In aspects, what has been described also includes, in part, a method for dissipating heat away from a heat sensitive component deployed in a downhole environment. The method may include thermally coupling a heat dissipation member to a heat sensitive component, the heat dissipation member being formed of a composite material; and conveying the heat sensitive component into a wellbore. In one arrangement, the method may include logging the wellbore. The method may also include drilling the wellbore while logging the wellbore.

The foregoing description is directed to particular embodiments of the present disclosure for the purpose of illustration and explanation. It will be apparent, however, to one skilled in the art that many modifications and changes to the embodiment set forth above are possible without departing from the scope of the disclosure. It is intended that the following claims be interpreted to embrace all such modifications and changes.

Claims

1. An apparatus for use in a wellbore, comprising:

a conveyance device configured to be deployed in the wellbore;

a heat sensitive component coupled to the conveyance device; and

a heat dissipation member thermally coupled to the heat sensitive component, the heat dissipation member being formed of a composite material.

2. The apparatus of claim 1, wherein the composite material includes at least a metal and a non-metal.

3. The apparatus of claim 1, wherein the composite material includes at least aluminum and diamond particles.
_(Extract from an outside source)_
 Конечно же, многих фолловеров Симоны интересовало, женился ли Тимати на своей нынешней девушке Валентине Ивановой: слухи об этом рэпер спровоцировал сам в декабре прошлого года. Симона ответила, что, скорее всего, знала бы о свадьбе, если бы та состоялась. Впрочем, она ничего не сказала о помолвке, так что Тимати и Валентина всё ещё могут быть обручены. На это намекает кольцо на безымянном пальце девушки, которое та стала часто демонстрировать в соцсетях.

4. The apparatus of claim 1, further comprising an encapsulation at least partially encapsulating the heat dissipation member and the heat sensitive component, the encapsulation being configured to draw heat away from the heat sensitive component.
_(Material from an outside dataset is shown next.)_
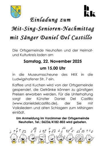 Amtliche Meldung OG Neuhofen Neuhofen Einladung zum Mit-Sing-Senioren-Nachmittag mit Sänger Daniel Del Castillo am Samstag, 22.11.2025, um 15.00 Uhr in Neuhofen VGV Rheinauen Posted on 11. Nov 2025 Der Beitrag steht unter Einhaltung der Bildrechte von Dritten zur freien Verfügung.

5. The apparatus of claim 1, further comprising an affixing agent connecting the heat dissipation member to the heat sensitive component.

6. The apparatus of claim 5, wherein the the affixing agent has a thermal conductivity between about 0.60 W/m*k and about 1.20 W/m*k.
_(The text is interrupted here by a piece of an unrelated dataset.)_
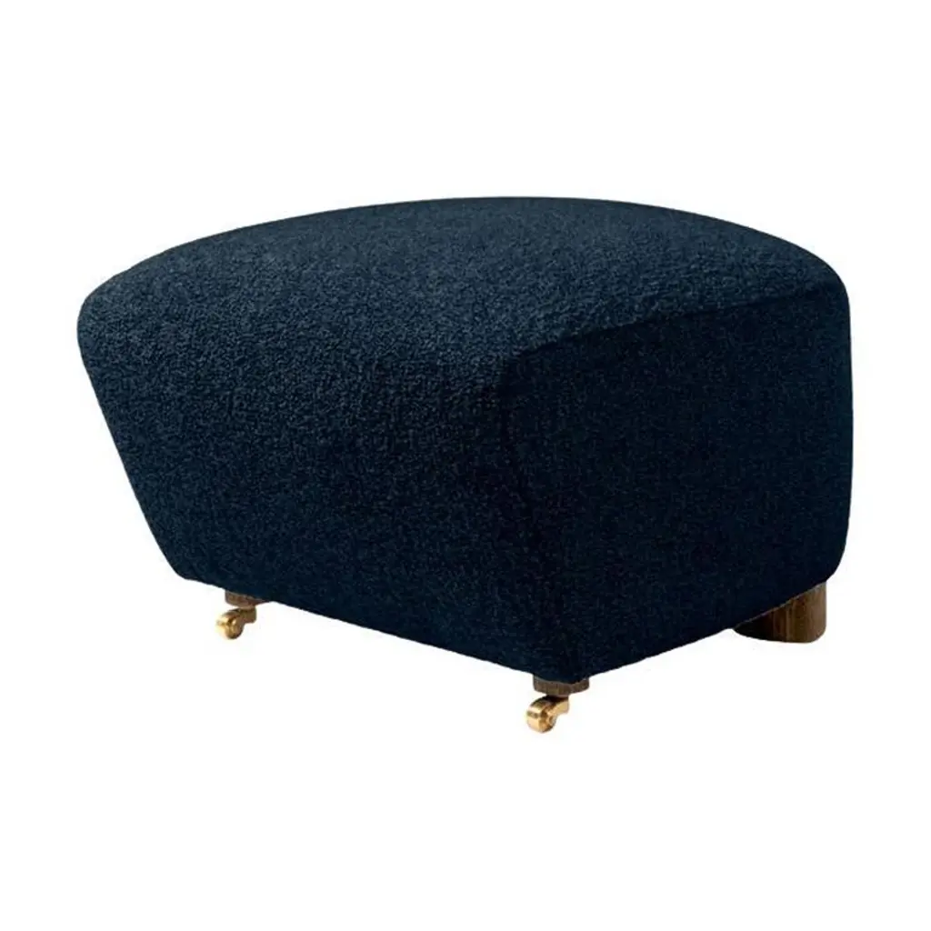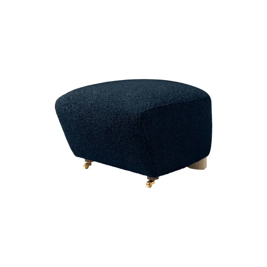 Blue natural oak sahco zero the tired man footstool by Lassen.Dimensions: W 55 x D 53 x H 36 cm. Materials: TextileFlemming Lassen designed the overstuffed easy chair, The Tired Man, for The Copenhagen Cabinetmakers’ Guild Competition in 1935. It is characterised by organic, bearlike shapes and then as now it created a sensation with its curved form and voluminous armrests. Sitting in the chair should, in Flemming Lassen’s own ords, be ”as warm and safe as a polar bear cub in the arms of its mother in the middle of the ice cap”. The family man Flemming Lassen valued intimate relationships - with its warm exterior, The Tired Man invokes domestic cosiness and socialising by candlelight.By Lassen is a Danish design brand focused on iconic designs created by Mogens and Flemming Lassen, founded by Lassens’ relatives in 2008. Brothers Mogens (1901-1987) and Flemming (1902-1984) Lassen are known as two of Denmark’s greatest architects and designers. Both were renowned pioneers of Danish functionalism and modernist architecture, honoured with numerous prestigious medals and awards. Headed by Mogens Lassen’s grandson Søren Lassen, By Lassen carries on the brothers’ design philosophy by manufacturing their iconic designs as well as products by other designers that complement the Lassen’s functionalist style. The company’s mission is to continue the tradition of timelessness, functionality and quality, and to introduce the Lassen’s design heritage to new generations.

7. The apparatus of claim 1, wherein the composite material has a thermal conductivity of at least 400 W/m*k.

8. The apparatus of claim 1, wherein the composition material has a density less than about four grams per cubic centimeter.

9. The apparatus of claim 1, wherein the conveyance device is one of: (i) a drill string, and (ii) a wireline.

10. A method for operating a device in a wellbore, comprising:

forming a heat dissipation member of a composite material;

thermally coupling the heat dissipation member to a heat sensitive component; and

conveying the heat sensitive component into a wellbore.

11. The method of claim 10, wherein the composite material includes at least a metal and a non-metal.

12. The method of claim 10, wherein the composite material includes at least aluminum and diamond particles.

13. The method of claim 10, further comprising drawing heat away from the heat sensitive component using an encapsulation that at least partially encapsulates the heat dissipation member and the heat sensitive component.

14. The method of claim 10, further comprising connecting the heat dissipation member to the heat sensitive component with an affixing agent.

15. The method of claim 14, wherein the affixing agent has a thermal conductivity between about 0.60 W/m*k and about 1.20 W/m*k.

16. The method of claim 10, wherein the composite material has a thermal conductivity of at least 400 W/m*k.

17. The method of claim 10, wherein the composition material has a density less than about four grams per cubic centimeter.

18. The method of claim 10, further comprising logging the wellbore.

19. The method of claim 10, further comprising drilling the wellbore.

20. The method of claim 10, further comprising generating heat by energizing the heat sensitive component.